Tears spill over and trickle down Sally’s face. The pain of the world wavers in her wet eyes. Jesus cannot bear that. Although he wants to reach over and wipe the tears off her face, his hands are tied, nailed to the cross. He hears the indistinct voice of the guy on the carousel saying something to Sally—as if he hasn’t said enough already. Just shut up already, would you?
Whatever he said this time, it is tearing Sally apart. Jesus should caress her cheeks with the tip of his fingers; the gesture that used to do magic, soothing her in an instant. Jesus exerts all his strength, wrenching his nailed hands in an attempt to free himself from the cross. As the nails quiver, fresh blood trickles down from them, but his unwavering focus remains solely on the pain etched on Sally’s face.
“But you said you loved me,” Sally says as she bursts out crying.
The scratchy music begins.
Jesus turns back to the carousel that resumes its aimless circling. With an oblivious smile on his face, the guy on the carousel opens his arms and rides away on the plastic unicorn.
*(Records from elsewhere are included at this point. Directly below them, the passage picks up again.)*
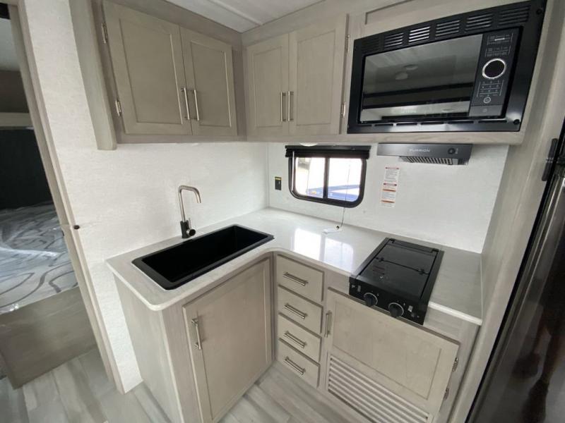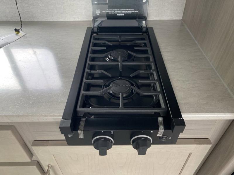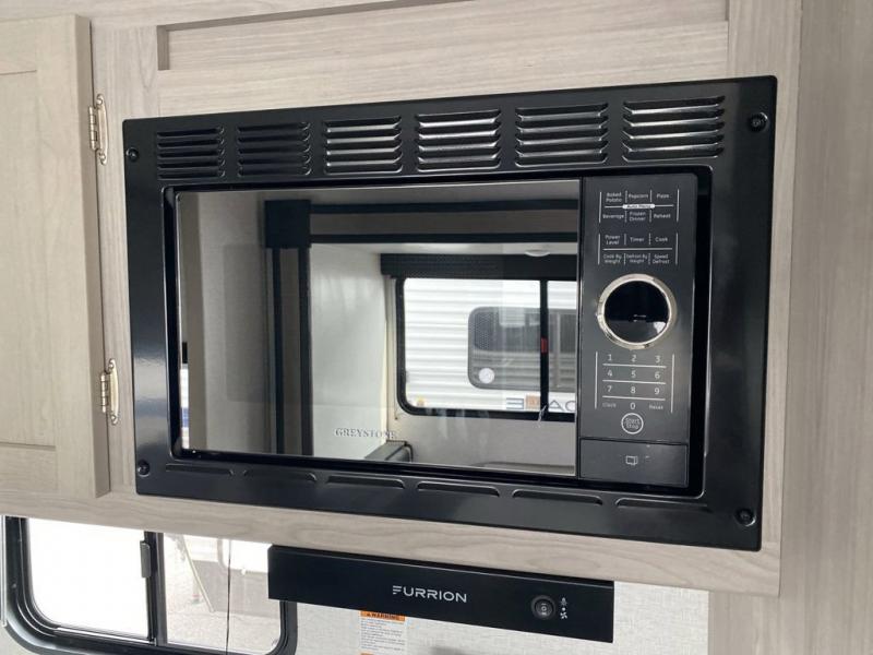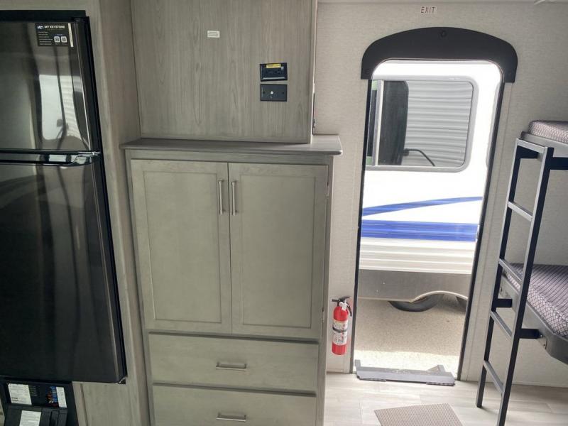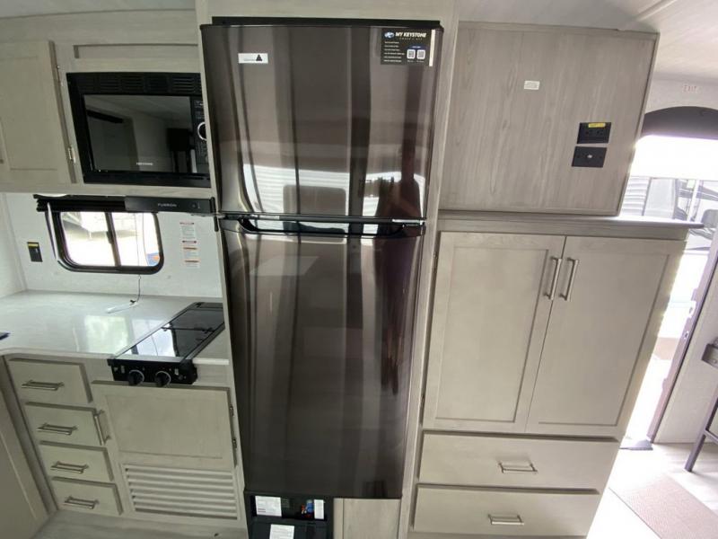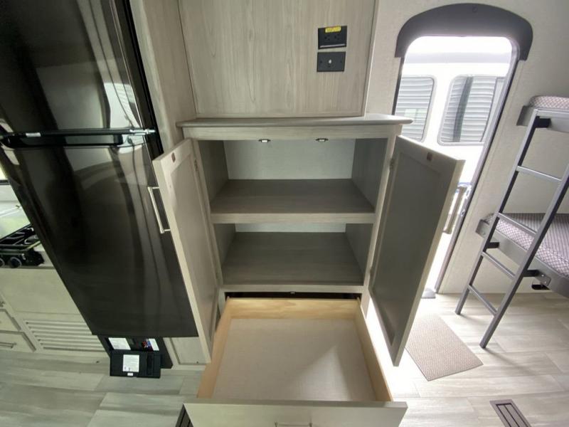 What could be better than camping with double-size bunks for guests? How about a front private bedroom for you, a full bath to clean up in, and a large slide out for maximum space! The chef of your group can prepare breakfast on the three burner gas range in the morning, or use the microwave if you're on the go. There is a U-shaped dinette to dine at, or you can take your plate outdoors to sit under the power awning.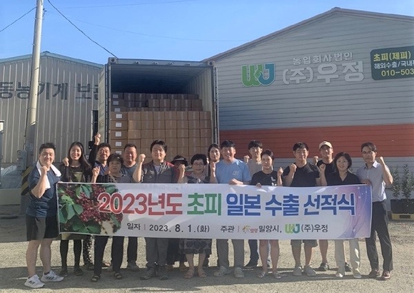 경남 밀양시는 1일 상동면 농업회사법인 ㈜우정에서 생산 농가와 시 직원 등 10명이 참석한 가운데 초피 일본 수출 선적식을 가졌다.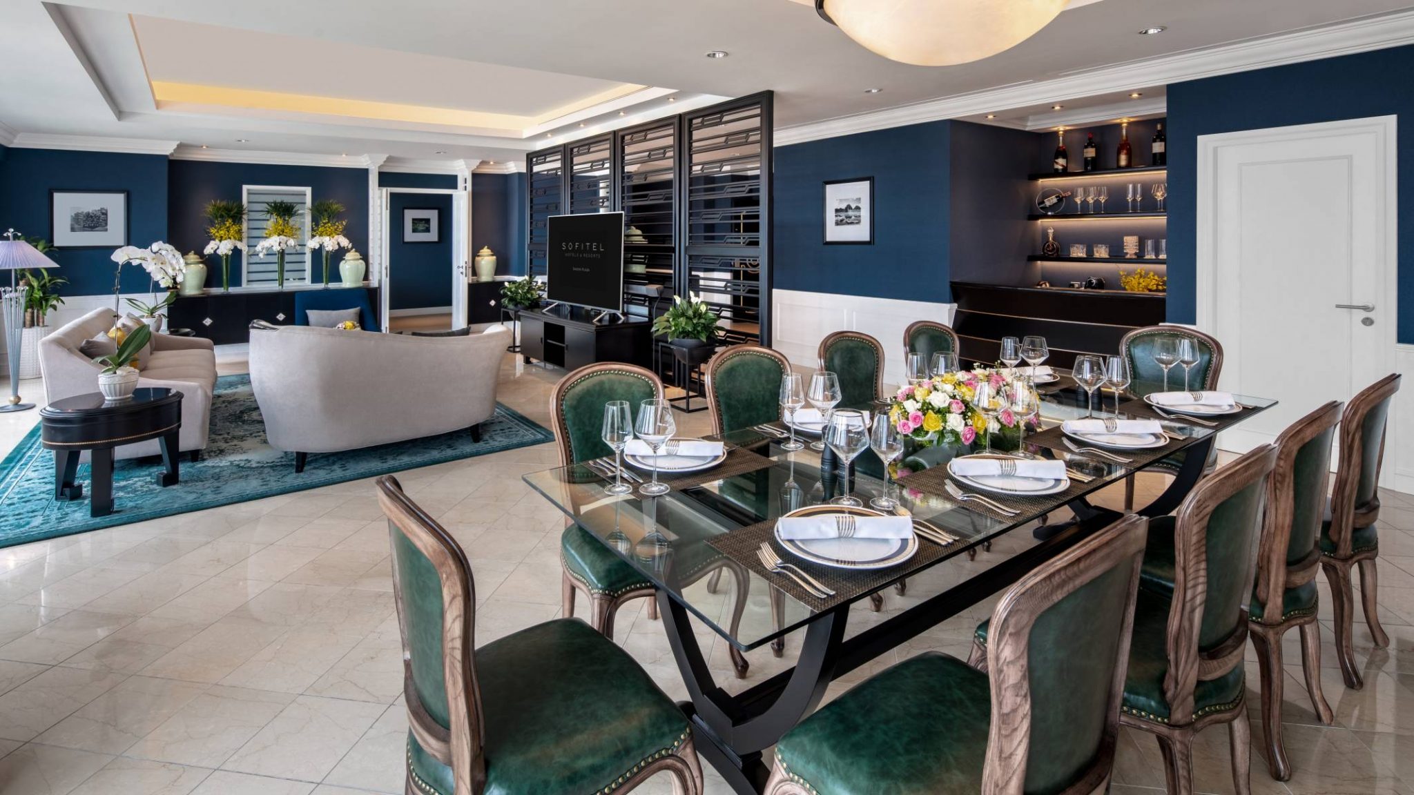 Гостям люксов предоставляется бесплатный доступ в клубный лаунж Sofitel Club Lounge на 18 этаже привилегиями, включая частную регистрацию заезда и выезда, завтрак и вечерние коктейли. - Presidential Suite — расположенный на 20-м этаже роскошный президентский люкс площадью 231 кв.м, состоящий из двух спален, одна из которых с одной эксклюзивной двуспальной кроватью King Sofitel MyBed™, а вторая — с двумя односпальными кроватями Twin Sofitel MyBed™, отдельной просторной гостиной комнаты, столовой зоны с обеденным столом на 8 персон, рабочей зоны с письменным столом, гардеробной, отделанной мрамором роскошной ванной комнаты с глубокой ванной и отдельной душевой кабиной с тропическим душем.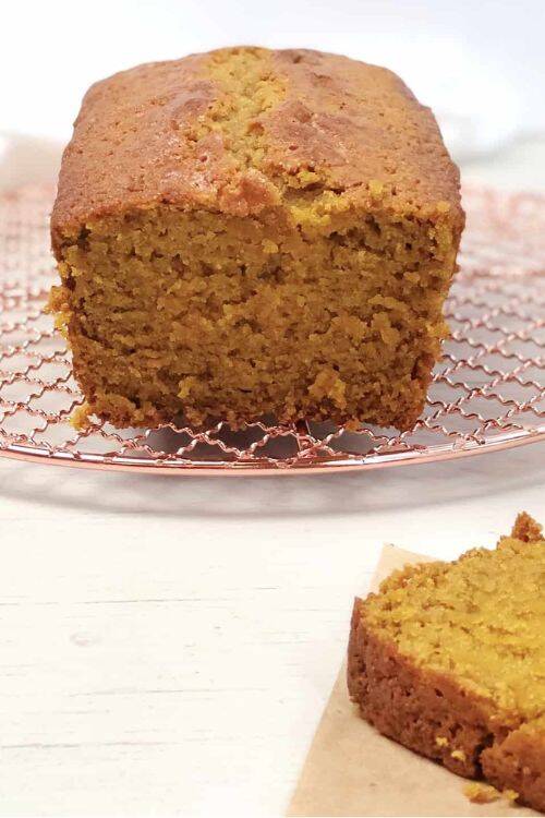 The ingredients include flour, nutmeg, pumpkin puree, vanilla, baking powder, molasses, and rolled oats.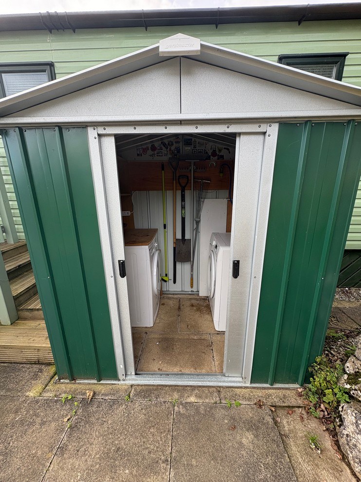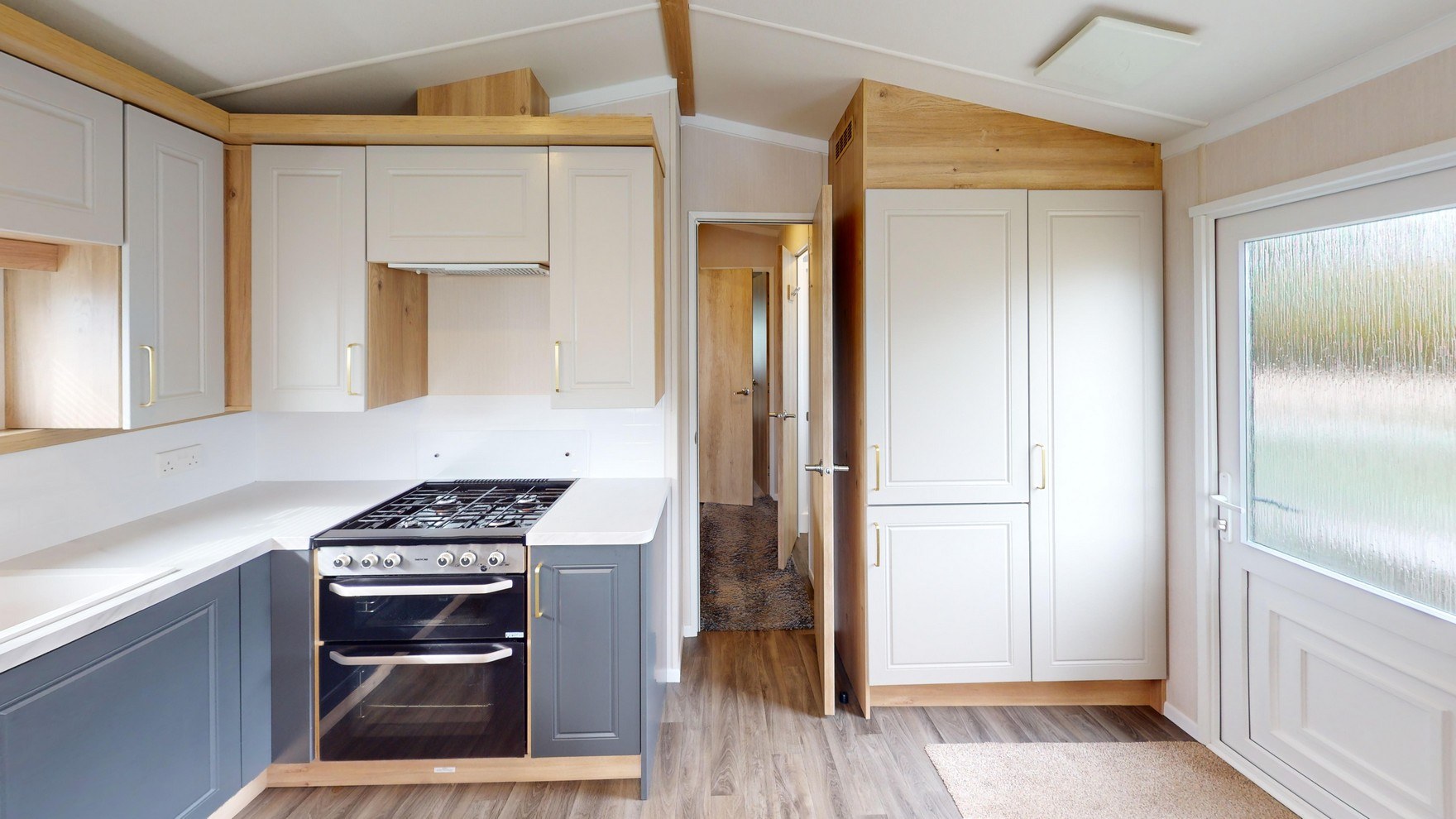 As you step onto Plot 93 at Long Ashes Park, you’re greeted by a generous decking area – the perfect spot for outdoor furniture where you can enjoy peaceful mornings with a coffee or summer evenings with friends. Steps lead you down to a private garden, complete with a shed housing a washing machine and tumble drier, alongside a gravel parking space for convenience.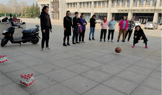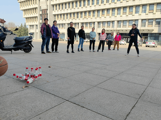 三年的疫情限制了人们的生活,对于久违的室外活动大家都显得格外兴奋,早早来到了活动现场。趣味保龄球比赛以矿泉水瓶代替球瓶,以篮球代替保龄球,参赛人员在规定位置击球,每人三次击球机会,按击倒的瓶子数计算得分,得分多者为胜。大家在了解比赛规则后开始练习击球,并相互交流击球技巧,甚至利用物理学原理对球瓶进行受力分析,讨论如何出球能够提高命中率。物院的老师们无论工作还是生活都是这么认真有趣。比赛正式开始后,女老师们依次上场,瞄准目标,沉着发力,虽然命中率有高有低,但欢声笑语不断,一扫工作生活中的疲惫。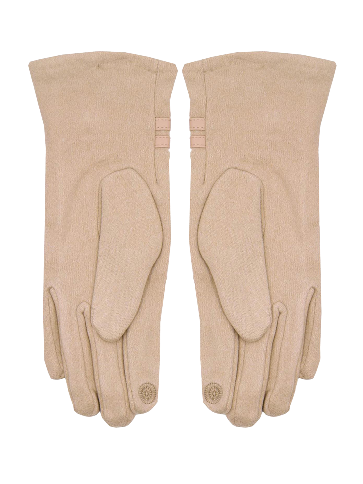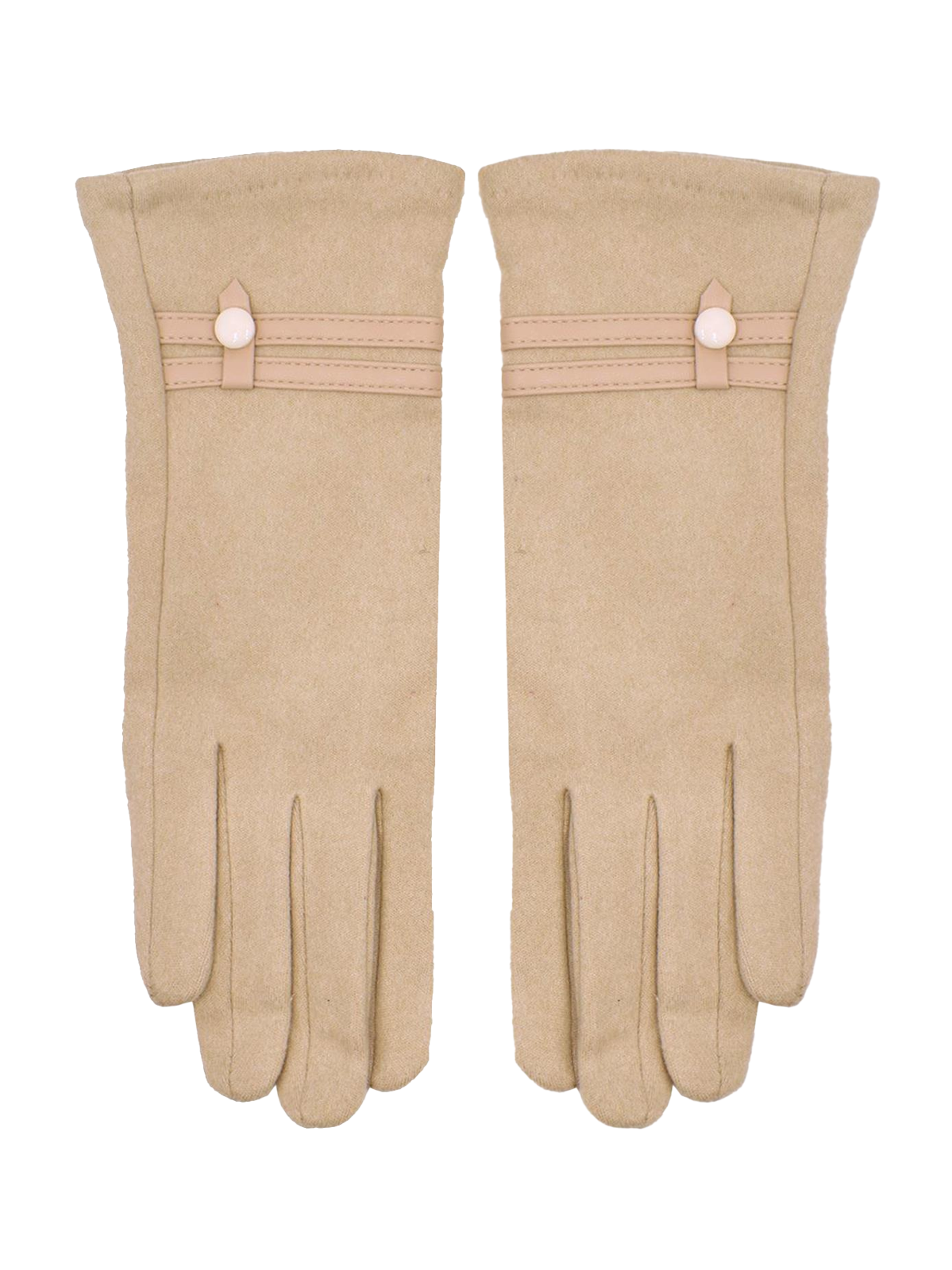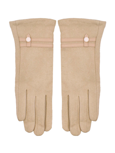 These classic and elegant ladies' beige gloves are designed for wear in colder weather. They are made from a finely knitted synthetic fabric and feature two faux leather straps with a decorative button on each wrist. The gloves include touchscreen pads on the forefinger and thumb, allowing you to operate your devices even with your gloves on. Their vintage look makes them a versatile accessory for 40s, 50s, and 60s outfits.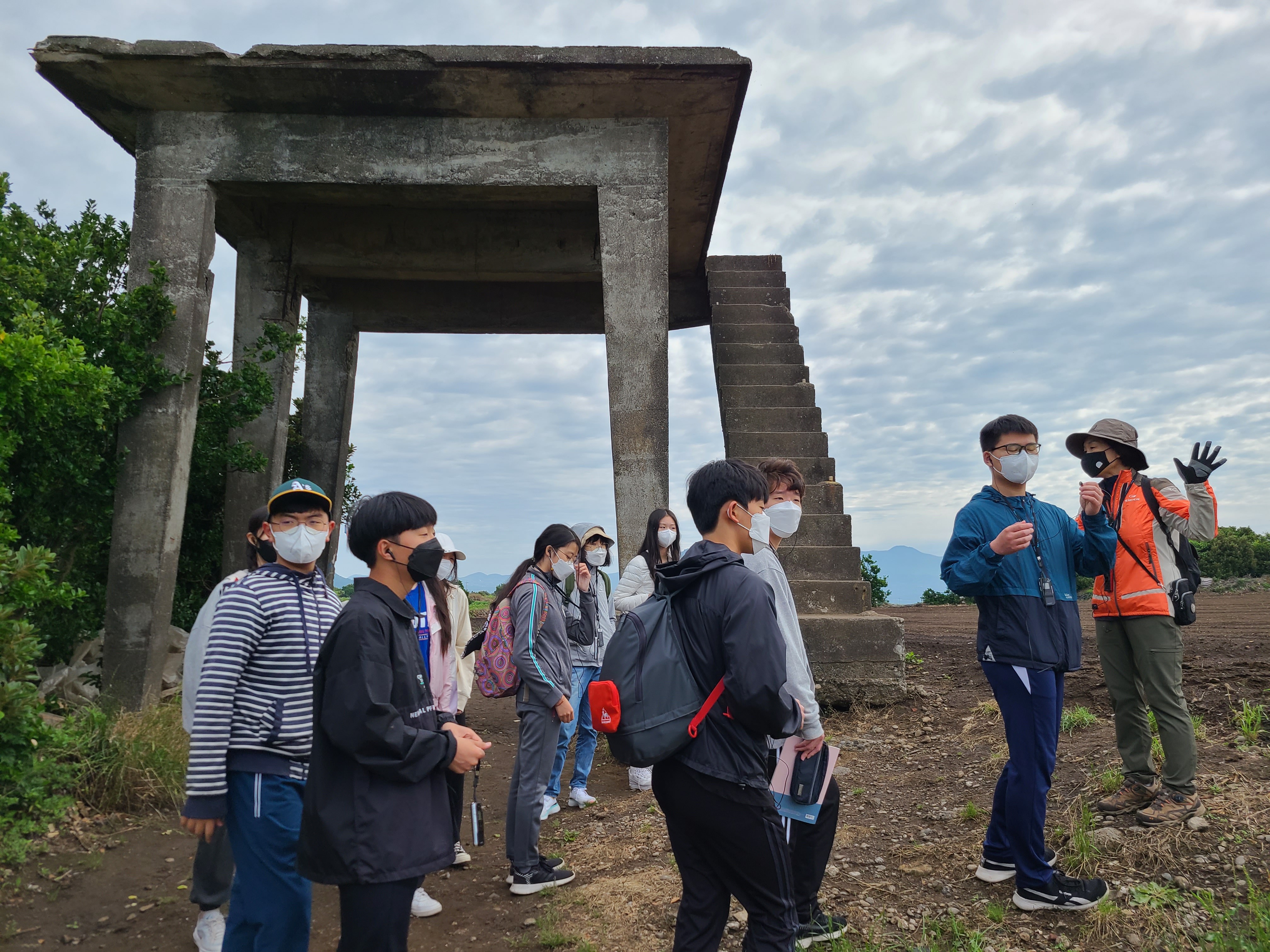 설명을 들은 뒤, 알뜨르 비행장이 잘 보이는 곳으로 이동했습니다. 이 건축물은 주둔부대에 식수를 공급하던 수조시설이라고 합니다.

That asshole was me, Jesus recognizes himself and wishes he didn’t.
Sally shouts through her sob, “It was right here. You said you love me. What’s changed?” Her wishful eyes yearn for a response softened with a touch of mercy. The inaudible words of Jesus riding on the carousel, however, sounds empty of that.
“Forgive me,” Jesus mutters while struggling to get his hands free from the cross.
“Forgive me,” he repeats louder this time.
The nails desperately cling.
“Forgive me,” he shouts.
The nails start to loosen.
“Forgive me,” he screams.
“It wasn’t that many,” Sally says, her trembling voice carried over a bass of despair. She bows her head, chin tucked into her chest.
Jesus finally detaches himself from the holy cross. Before his outstretched hand can reach Sally’s face, however, gravity reaches out to him, pulling Jesus down from the sky with unyielding force.
“Forgi-i-i-i-ive me-e-e-e-e,” Jesus screams while falling to earth at a frightening speed. In no time, he can see Eden Adventure Park. Oh, no. Not that goddamn park again. Shortly after, he passes the zip line cable, plunging into the bottom of the valley where Vincent’s body has exploded into countless pieces.